Leadership lessons from Walgreens' CEO

Rosalind Brewer, CEO of Walgreens Boots Alliance, has broad business experience, having held leadership roles at Starbucks, Walmart and Sam's Club. She is one of only two Black women running Fortune 500 companies. She sat down with the Harvard Business Review Dec. 9 to explain her leadership strategy.

Ms. Brewer said it took her stepping back to get ahead. When she started a previous role at Walmart, Ms. Brewer said she initially took a less-senior position instead of a leadership position. She spent 90 days learning on the ground about retail, which ultimately aided greatly in her understanding of the business and its employees. 

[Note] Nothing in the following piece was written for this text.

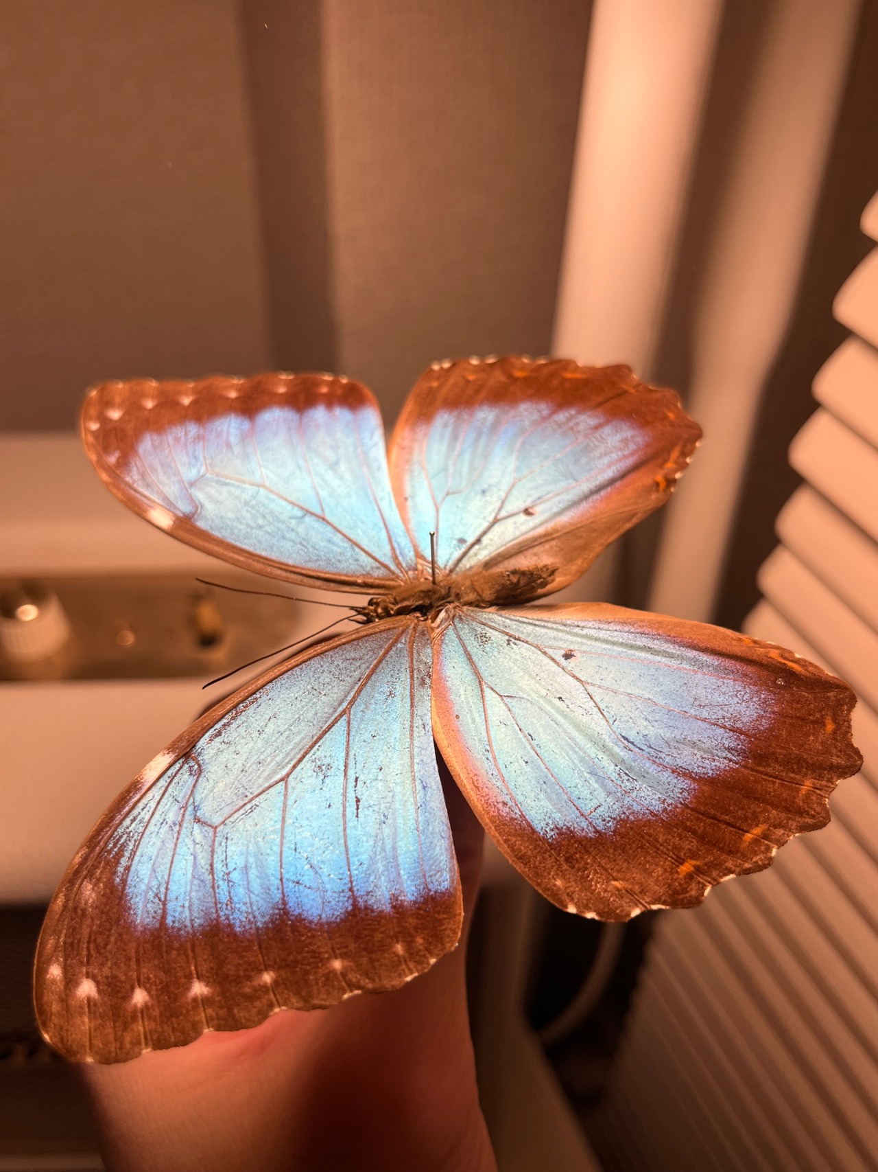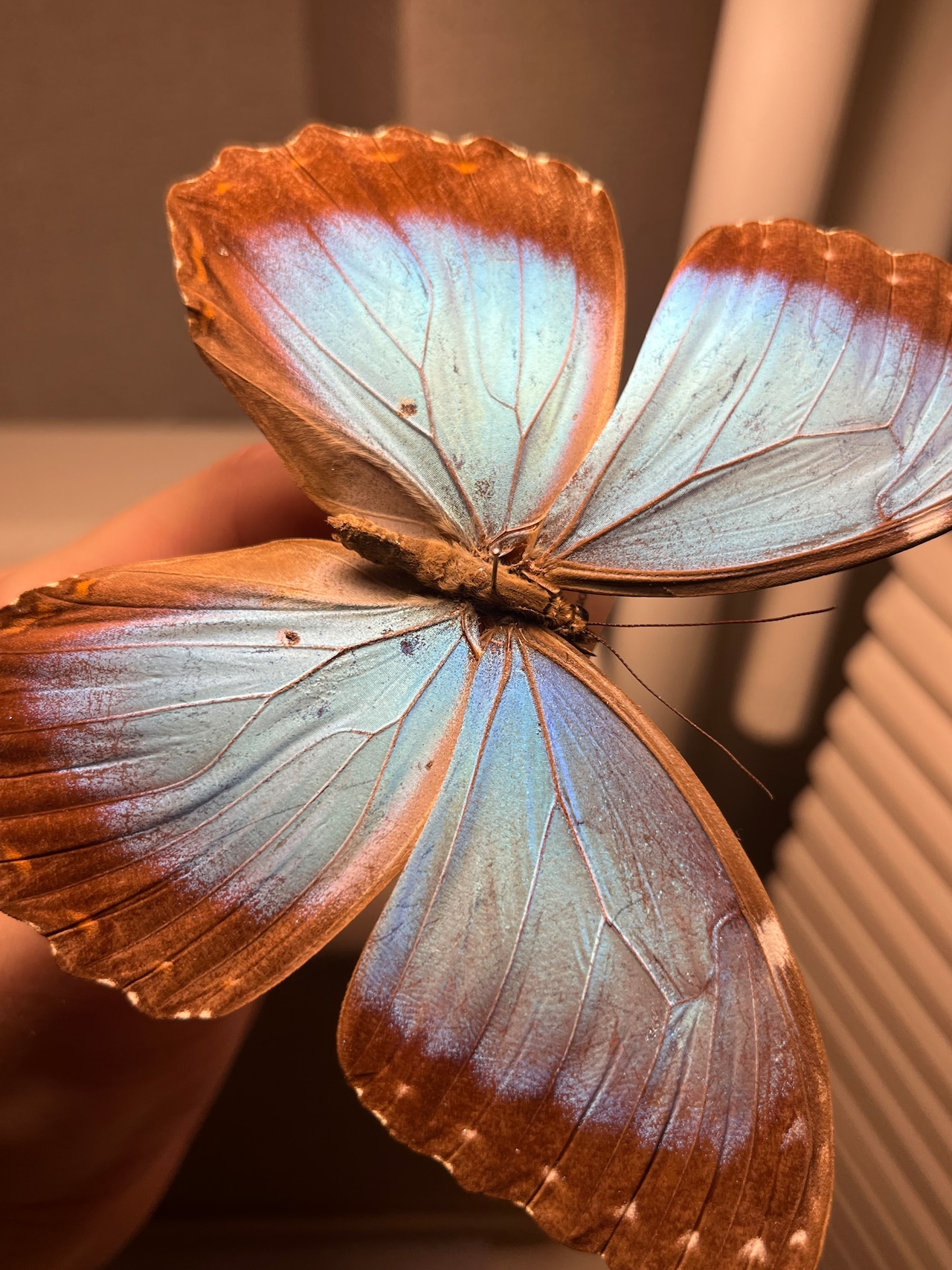 モルフォ属は、羽の背側に鮮やかな青色が見られることで識別できます。虹彩のような青色は、羽の表面にある層状の鱗粉による光の反射と干渉によって生じます。それぞれの鱗粉には隆起した縞模様があり、これが干渉を引き起こします。M. peleidesには、覆鱗粉と地鱗粉の2種類の鱗粉があります。地鱗粉は、覆鱗粉よりも鮮やかな虹彩を呈します。

When speaking on the loneliness of her position as a Black woman in corporate leadership, she said she has always made it a point to bring her whole self to work and never hide any aspect of her identity or culture. "When I get in these settings I take advantage of an opportunity to learn and educate those around me," she said. 

Ms. Brewer also mentioned that she thinks companies have misplaced their focus on meeting diversity targets instead of really investing in equity and inclusion. She also said she sees diversity as more than just racial, ethnic or gender differences but also differences of thought and culture, and she thinks that putting together people with different perspectives empowers teams to solve challenges together.

"It's about creating these agile teams and putting them against the unique problems to solve. And forcing them to relate to each other and think about how to solve it," Ms. Brewer told the Harvard Business Review.

She advised women in the corporate world trying to work their way up in male-dominated environments "to really do a personal self-evaluation on what you're passionate about and stick to it."